It’s unfair to ignore the snob appeal of couture, which has only ever been materially available to a select few, many of whom choose to remain anonymous. However, part of the appeal of following the forte is that it is so “other”: “The exceedingly rich,” F. Scott Fitzgerald observed, “are not like you and me.” The fall 2022 season was less about trends than remixes.
That fishbowl effect explains the attractiveness of television shows like Lifestyles of the Rich and Famous or The Kardashians, as well as what keeps us glued to the couture shows, which are now as meta as they are significant.
Put it down to the “archival age” we live in, with its visuals, references, and simulations.
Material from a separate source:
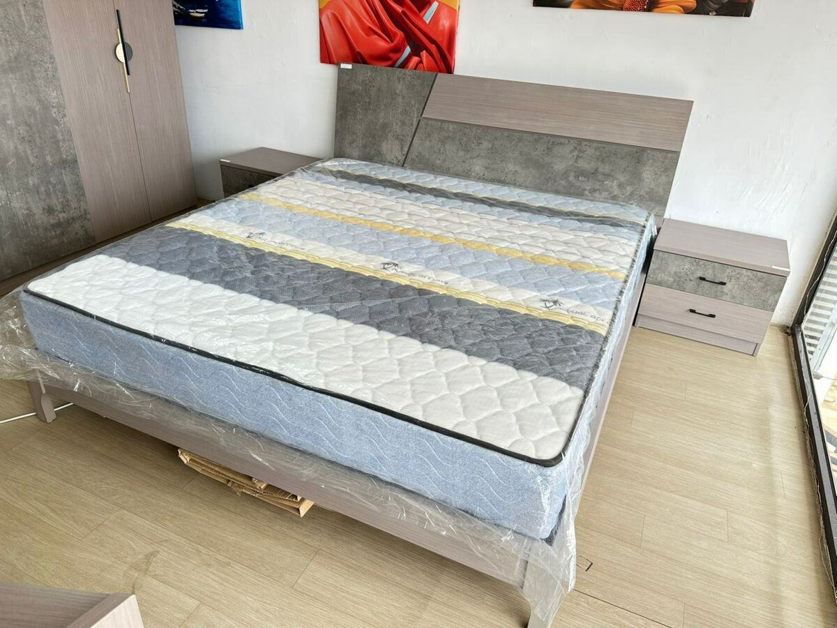 Upgrade your bedroom with this sleek, modern queen bed frame. Crafted with durable materials, it offers a sophisticated design to complement any decor. Perfect for creating a cozy and stylish sleeping space.

It’s not unexpected that red carpets have become meta, alluding to famous previous appearances. Therefore it’s not strange to see the same thing happening on the runways. Couture, which is still a paid-to-play game, has evolved into a spectator sport over time.
Garments that were once showcased to clients and shared selectively through media sources, for example, are now instantly broadcast worldwide. Perhaps this is why fashion appears to be going through a “cover song” period. The fall 2022 season was more about remixes than trends, with many designers practically revisiting archives.
Making old trends available to a new audience yearning for them but born too late to have access to them could be viewed as a time-spanning, democratic, if not modern, gesture.
However, the forte has developed in different ways. Not all exhibits are held in Paris, and designers’ offerings have spread across the gender spectrum. Iris van Herpen argued for including personalized technology in a category devoted to manual work.
And now, when several ready-to-wear collections feature couture-priced items, Balenciaga is introducing a pret-a-couture idea, delivering limited edition, made in France, objects only available at the brand’s flagship may be adjusted on demand by the ateliers. “It’s vital to discuss,” Cédric Charbit, CEO of Balenciaga, told Vogue Business, stressing that couture is currently “a little too confidential.”